Goldman Sachs, Macquarie, and some hedge funds have boosted physical trading and options trades in uranium amid soaring prices, as many countries look to increase nuclear power generation to meet their climate goals while reducing the need of fossil fuel imports.   

Goldman has been increasing trade in physical uranium and has created a derivative of uranium trading by writing options on physical uranium for hedge funds, sources at hedge funds and the trading industry familiar with the deals have told Reuters.

While investment banking giant Goldman Sachs is mostly doing business with hedge funds and other financial clients, Macquarie has been stepping up trading uranium output from miners, a source who has done business with both banks told Reuters.

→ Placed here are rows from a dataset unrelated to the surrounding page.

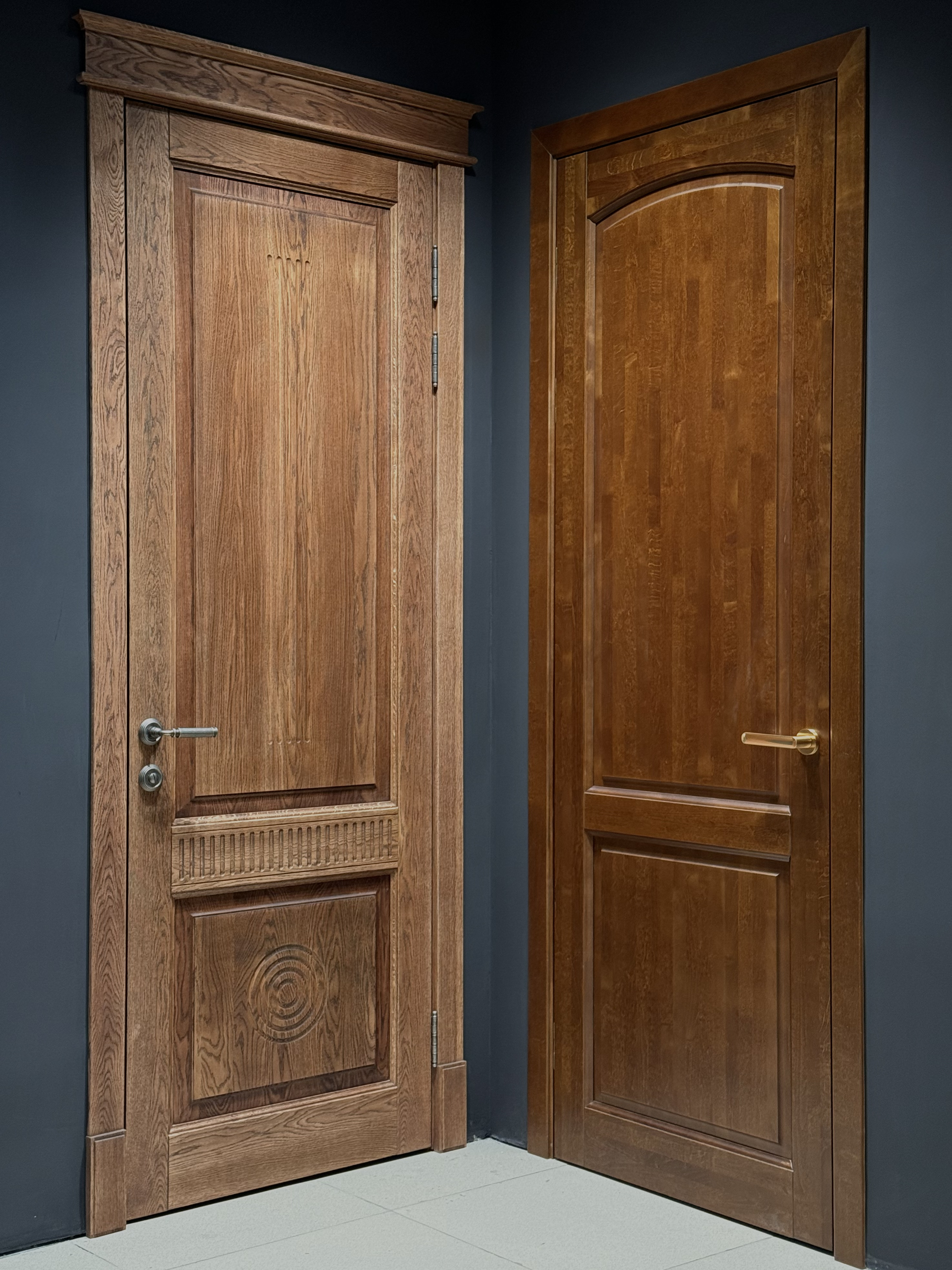 Мы работаем с российским и беларусским производством. Это несколько проверенных годами фабрик-партнёров, и производство под собственным брендом. В ассортименте представлены двери из массива высокого качества, в основном из дуба и сосны. Двери из массива изначально находятся выше средней ценовой категории. Например, базовый комплект двери из массива дуба без отделки стоит примерно 50 тысяч рублей.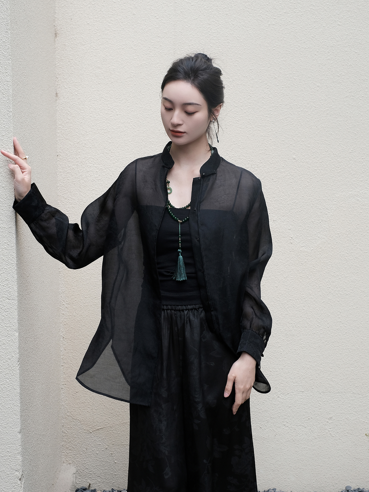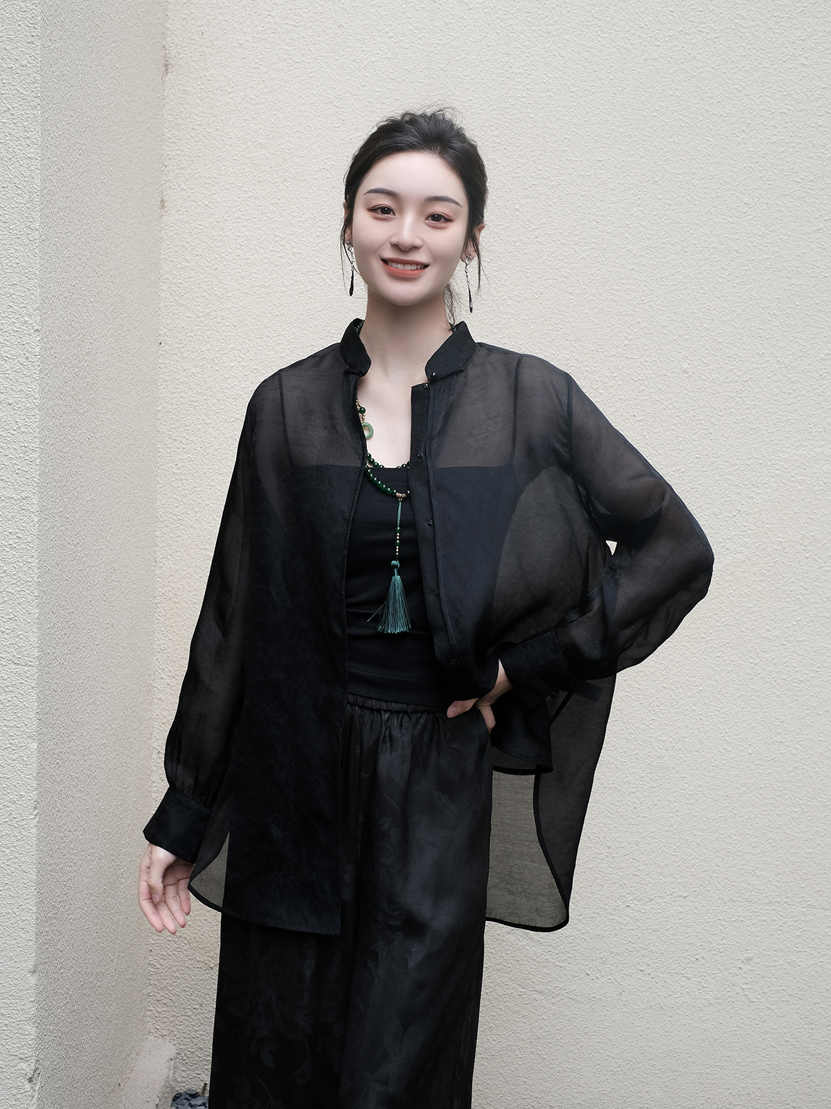 盛唐婧 |新中式真丝丝绒上衣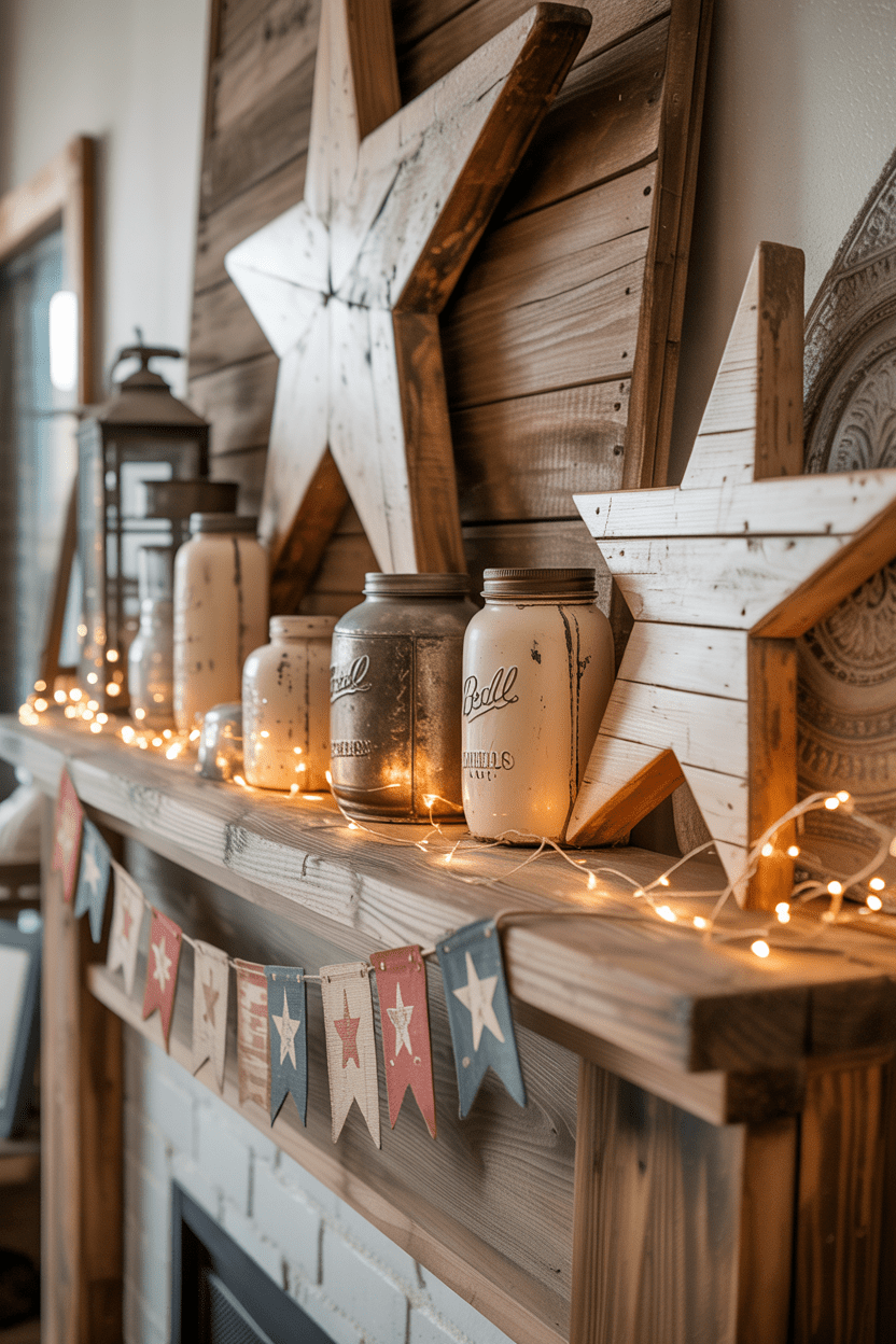5. Rustic Americana mantel with wooden stars and antique accents

Uranium is in a bull market as many economies look to use more nuclear power generation in a renaissance for the technology after the energy crisis and the Russian invasion of Ukraine.

At the COP28 climate summit at the end of last year, the United States and 21 other countries pledged to triple nuclear energy capacities by 2050, saying incorporating more nuclear power in their energy mix is critical for achieving their net zero goals in the coming decades.   

“The Declaration recognizes the key role of nuclear energy in achieving global net-zero greenhouse gas emissions by 2050 and keeping the 1.5-degree Celsius goal within reach,” the U.S. Department of State said.

As a result of the nuclear energy resurgence, uranium prices spiked early this year to a 16-year high after Kazatomprom—the largest uranium miner in the world—said in January that sulfuric acid shortages and construction delays at newly discovered deposits could lead to the company missing production targets—challenges that could remain into next year. 

Uranium prices have doubled over the past year to over $100 per pound amid tighter supply, and Western miners seek to boost output.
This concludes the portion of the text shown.